'''

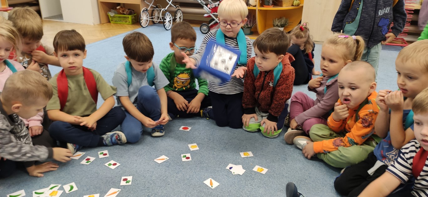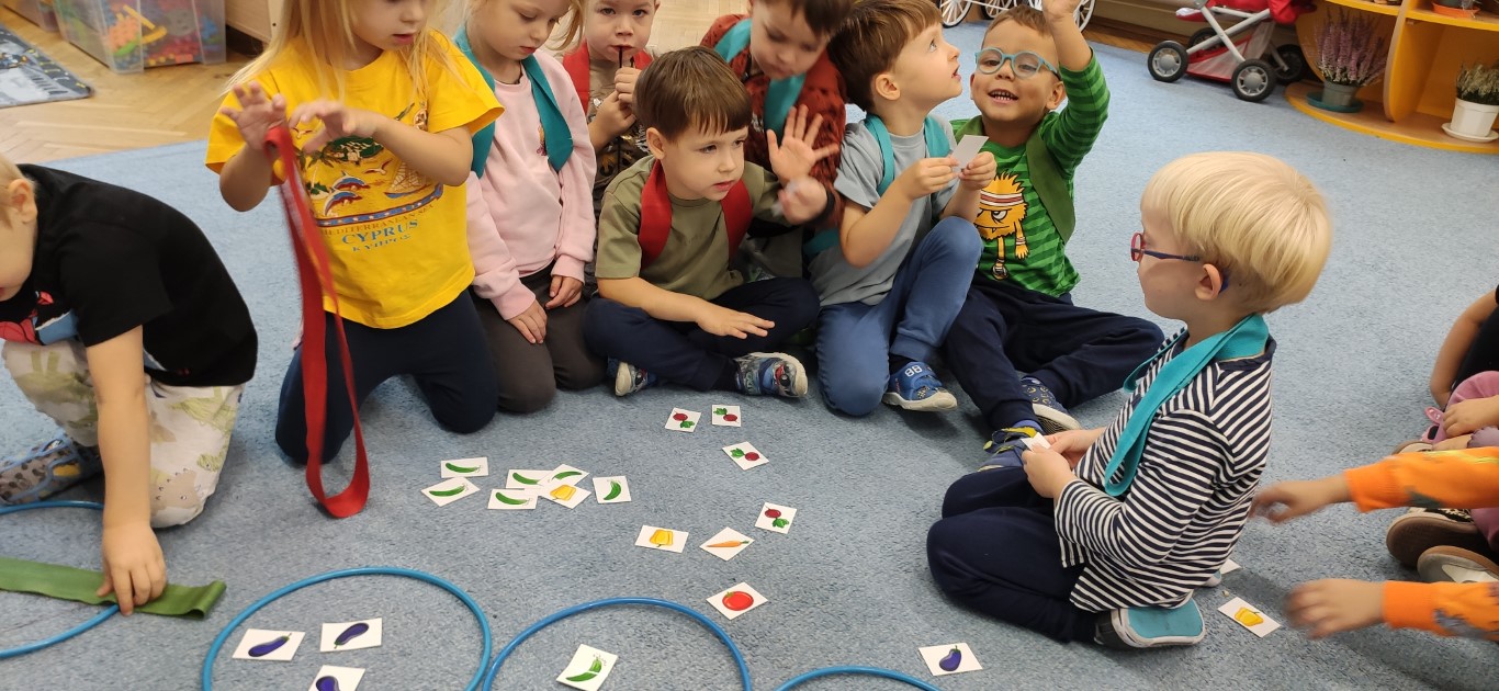 Podczas zajęć dzieci uczestniczyły w zabawach matematycznych rozwijających umiejętność liczenia, logicznego myślenia oraz współpracy w grupie. Tematem przewodnim były warzywa z grządki.
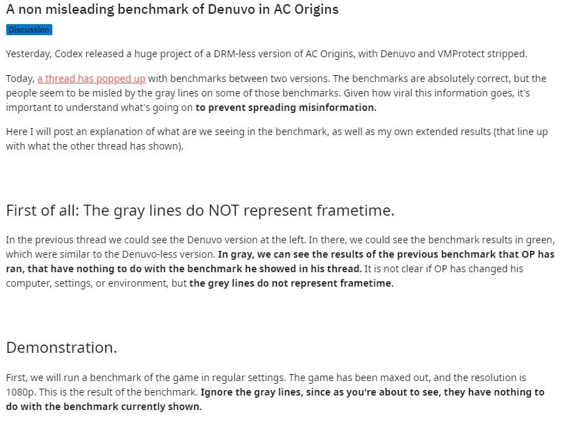 https://www.reddit DOT com/r/CrackWatch/comments/e6p6kc/a_non_misleading_benchmark_of_denuvo_in_ac_origins/
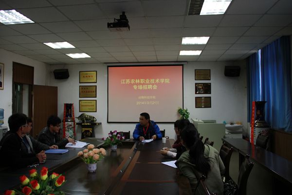 3月21日上午,学院在4号楼一层会议室举办江苏农林职业技术学院专场招聘会。学院党委副书记王晓娟、专兼职辅导员及动科、动医等学院2014届硕士毕业生10余人参加了此次招聘会。
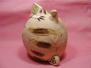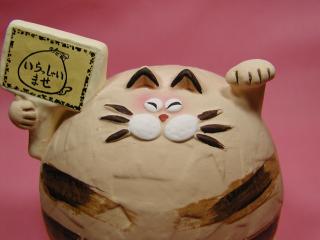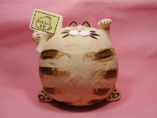 「愛子さん」のネコさん 2002年、常滑で開催された「招き猫まつり」から連れ帰ったネコさん。 愛子さんデザインの「笑う招き猫シリ〜ズ」の招き猫さんです。 まん丸の身体、にこやかなお顔付き。まさしく福猫(o^^o)
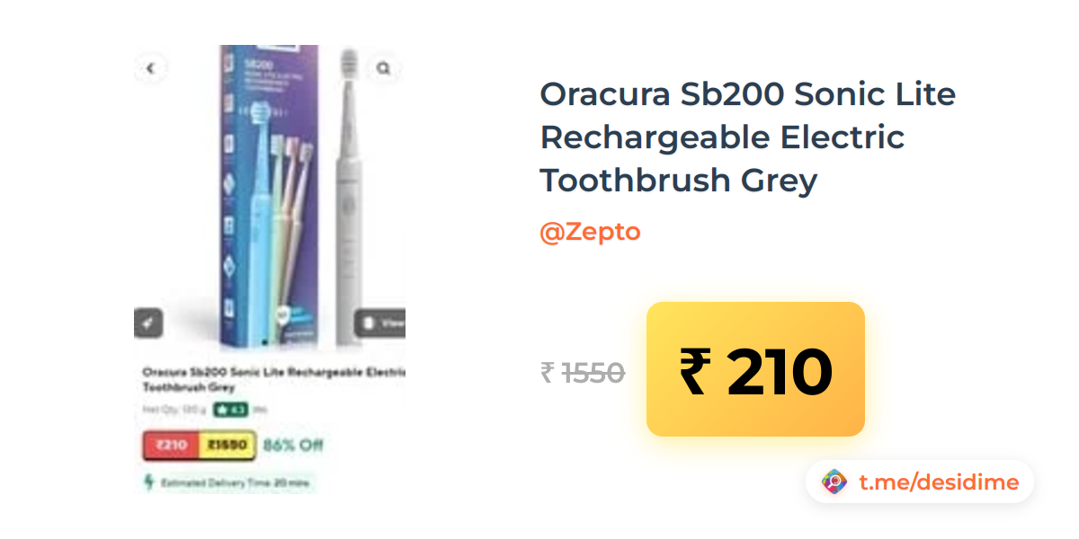 86% off on - Oracura Sb200 Sonic Lite Rechargeable Electric Toothbrush Grey
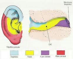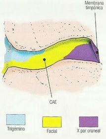 | Inervación sensitiva del CAE -Porción lateral -Pared posterior lateral -Pared posterior medial -Pared posterior | -Nervio auriculotemporal -Ramo auricular mayor -Nervio vago -Nervio facial |
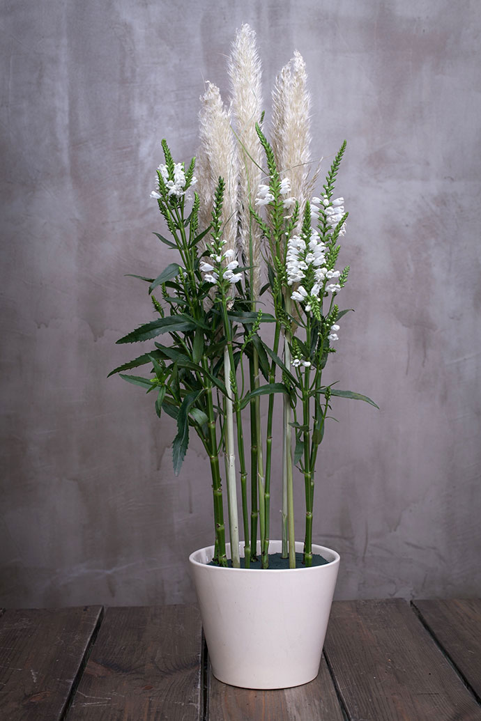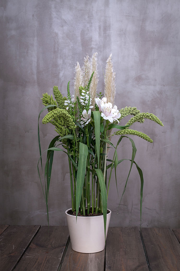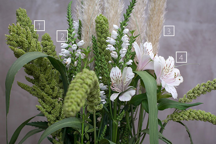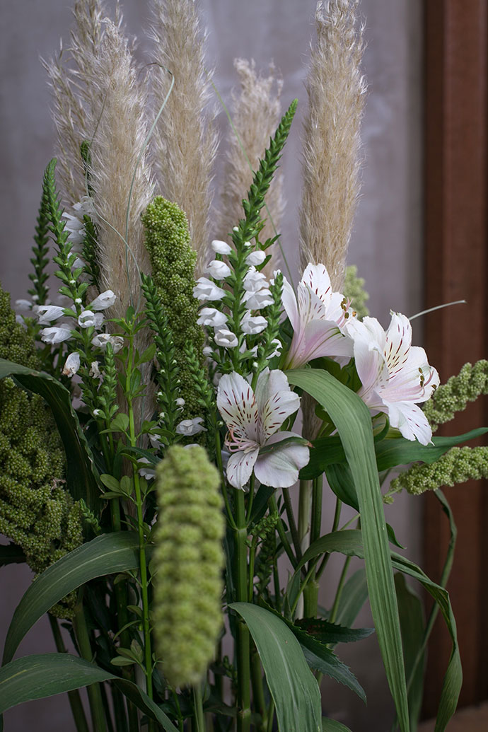 在造型中补入谷子和主花水仙百合,强化造型的焦点区域 .
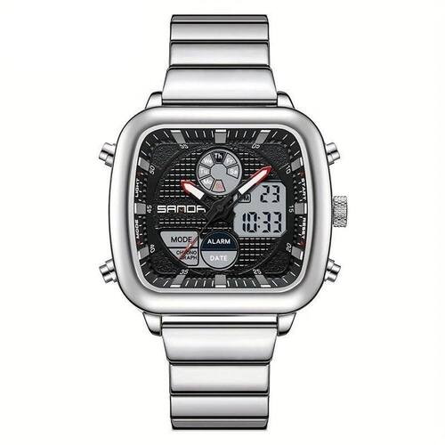 Relógio Esportivo De Movimento Duplo Sanda, à Prova D'água E Com Luz Noturna Prateado Preto A
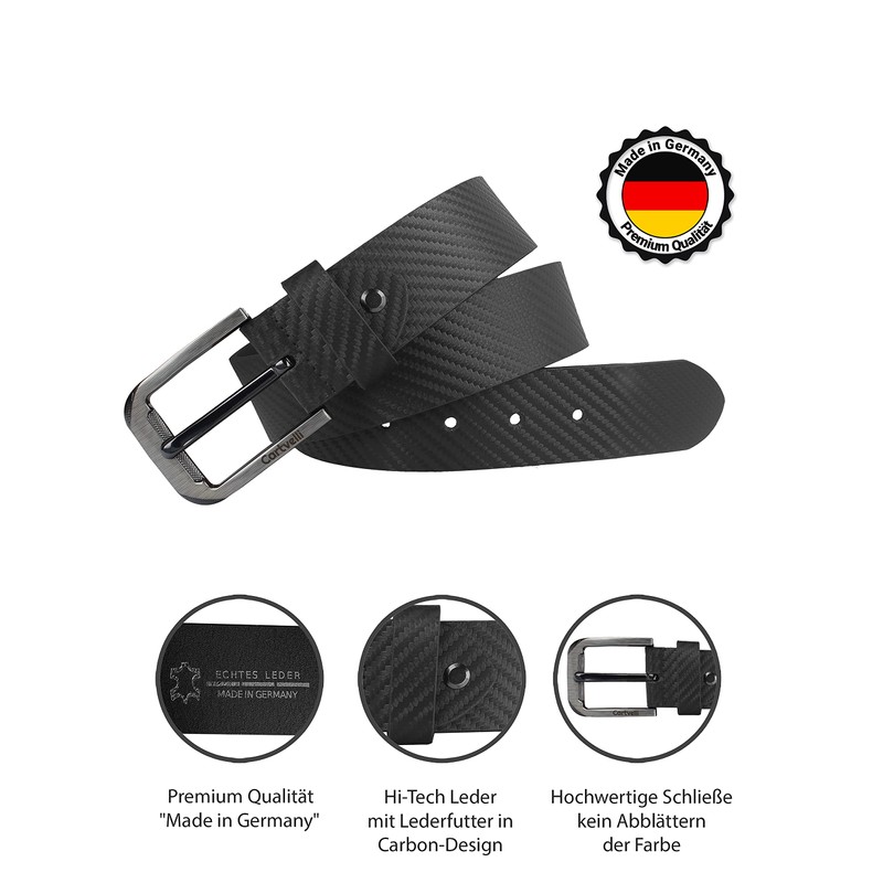 - ✅ LANGLEBIG: Das Hi-Tech Leder in Carbon Optik ist perfekt verarbeitet und steht daher für Qualität und Langlebigkeit. Der Lederguertel wird somit über viele Jahre Ihr treuer Begleiter.
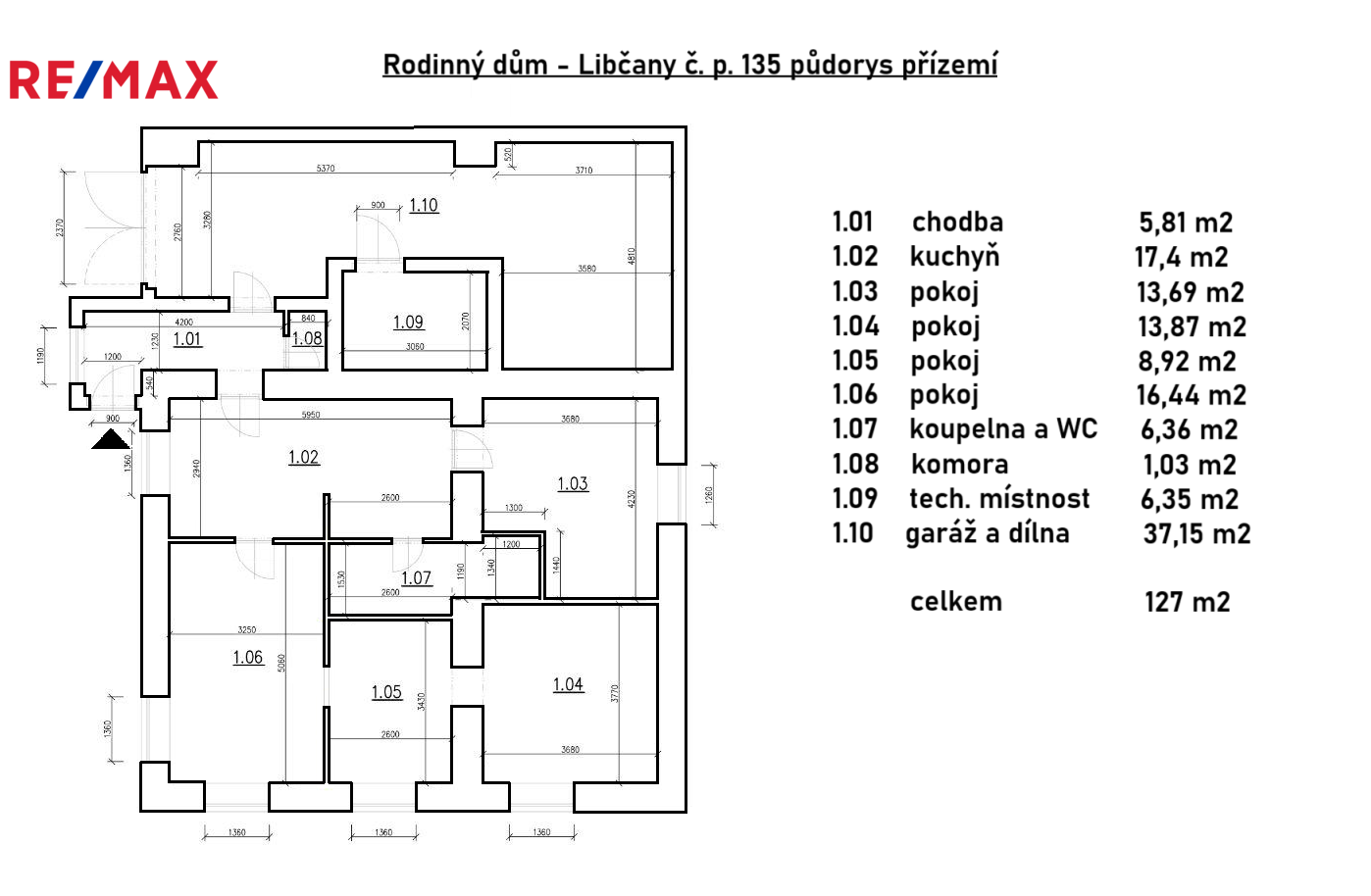 Dispozice domu je 4+1, v přízemí se nachází kuchyň 17,4m2, čtyři pokoje o velikosti 13,69, 13,87, 8,92 a 16,44m2. Dále se v přízemí nachází chodba o velikosti 5,81m2, koupelna a WC 6.36m2, komora 1,03m2, technická místnost 6,35m2 a garáž s dílnou 37,15m2. Půdní prostor je neobydlený avšak lze vybudovat další možné pokoje a rozšířit tak obydlí o více místa. Garáž je průjezdná z obou stran.

'''

Reproduce the lines from the one with "在造型中补入谷子和主花水仙百合,强化造型的焦点区域 ." through the end of the data, keeping both end lines, adding nothing, and dropping any pictures.

▶ **Exercise answer**
 在造型中补入谷子和主花水仙百合,强化造型的焦点区域 .
 Relógio Esportivo De Movimento Duplo Sanda, à Prova D'água E Com Luz Noturna Prateado Preto A
 - ✅ LANGLEBIG: Das Hi-Tech Leder in Carbon Optik ist perfekt verarbeitet und steht daher für Qualität und Langlebigkeit. Der Lederguertel wird somit über viele Jahre Ihr treuer Begleiter.
 Dispozice domu je 4+1, v přízemí se nachází kuchyň 17,4m2, čtyři pokoje o velikosti 13,69, 13,87, 8,92 a 16,44m2. Dále se v přízemí nachází chodba o velikosti 5,81m2, koupelna a WC 6.36m2, komora 1,03m2, technická místnost 6,35m2 a garáž s dílnou 37,15m2. Půdní prostor je neobydlený avšak lze vybudovat další možné pokoje a rozšířit tak obydlí o více místa. Garáž je průjezdná z obou stran.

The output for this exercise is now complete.